Nieman Journalism Lab: The right information, the right way, at the right time

"At 5:30 a.m., I got a text message from one of my local television stations alerting me that my kids’ school was closed because of an impending snowstorm. This was a valuable bit of information. .... This TV station gave me the specific information I wanted the way I wanted it and when I wanted it. ..."

Reuters: The economics of the New York Times paywall

Felix Salmon: "it’ll be much easier to change the number of articles that people can read for free than it will be to change the price of a monthly or annual subscription. ... the experience of the FT suggests that there’s a strong temptation to [gradually reduce the number of free articles per month]: it has been dialing down n to a very low level, as it becomes increasingly addicted to online subscription revenue."

NewsFuturist: Ask the right questions about paid content plans

Jeff Sonderman: "The huge fallacy I hear all the time behind arguments for requiring readers to pay for news goes like this: Our work is IMPORTANT and EXPENSIVE to produce. Society needs it, and we incur huge expenses to provide it, so consumers should pay us. ... Price is determined by the UNIQUE value your product provides TO THE CONSUMER. Both parts of the equation matter: how useful/valuable is it to the consumer, and could the same value be obtained elsewhere for less? Regarding news online, the second question is key."
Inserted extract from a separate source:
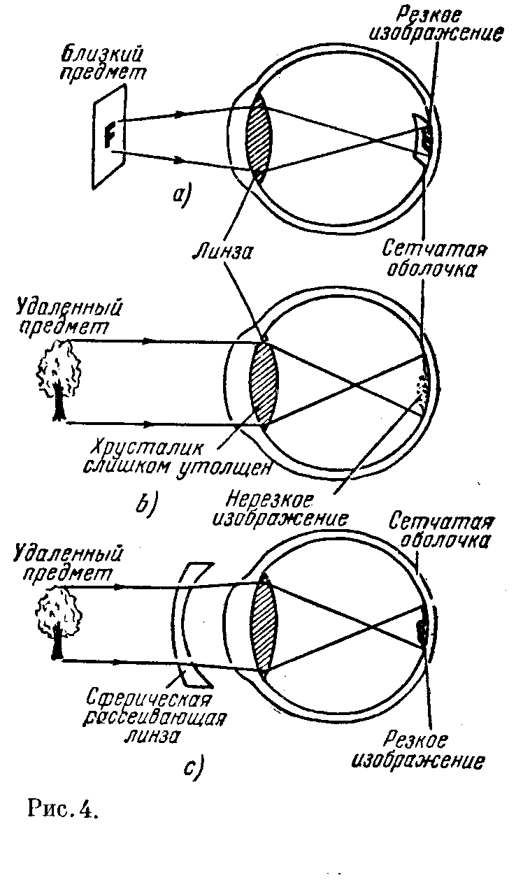 6. Близорукость. В том случае, если расстояние между сетчатой оболочкой и хрусталиком ненормально велико или хрусталик настолько закруглён и толст, что его фокусное расстояние ненормально мало, изображение удалённого предмета попадает перед сетчатой оболочкой (рис. 4). Этот дефект глаза очень распространён и называется близорукостью или миопией. Близорукость – это такой дефект глаза, который чрезвычайно распространён среди школьников и студентов. Согласно данным специалистов каждые 3 новорождённых из 100 обладают этим дефектом; в начальной школе число близоруких составляет примерно 10 из 100; в средней школе число близоруких достигает 24%, а в колледже – 31%. Среди диких племён, живущих и работающих большей частью на открытом воздухе, близорукость почти неизвестна. Точно также среди фермеров и лиц, работающих на открытом воздухе, очень малое количество страдает от близорукости, если только они не приобрели её в школе или при работе с близкими объектами. Причиной близорукости в большинстве случаев является, по-видимому, то, что в детстве глаз легко деформируется. При работе с близкими предметами глазное яблоко “привыкает” удлиняться на столько, что хрусталик уже теряет способность сплющиваться для фокусирования изображения удалённого предмета на сетчатой оболочке без избыточного напряжения. Сравните длину близорукого глаза на рис. 4 с длиной дальнозоркого на рис. 5.

John McQuaid: On newspapers and paywalls

"If your starting point is the assumption your product has “value,” you’d be wise to take a hard look at exactly what that value is on the open market. But the API evidently has not conducted that kind of clear-eyed self-assessment. It sees the economic value of newspaper content as self-evident, of a piece with its perceived social value, and something that must be preserved first, improved upon later."

Editor & Publisher: Get Out of the Printing Business, Moody’s Tells Newspapers

"Unless newspapers can figure out how to reduce their high fixed costs of printing and circulation, their already low credit ratings could fall even farther, Moody's Investors Service warns in a report relased Thursday. ... Moody's calls it a "structural disconnect" with just 14% of cash operating costs, on average, devoted to content creation, while about 70% of costs are devoted to printing, distribution and corporate functions."

Albert Sun: Price Discriminate! The economics of charging for online content

"What you really need to do to monetize content is to take a page from the airlines and freemium web services and every other company with a product ever and learn how to price discriminate. Not only will you make much more money doing it, you will produce much better quality journalism as well."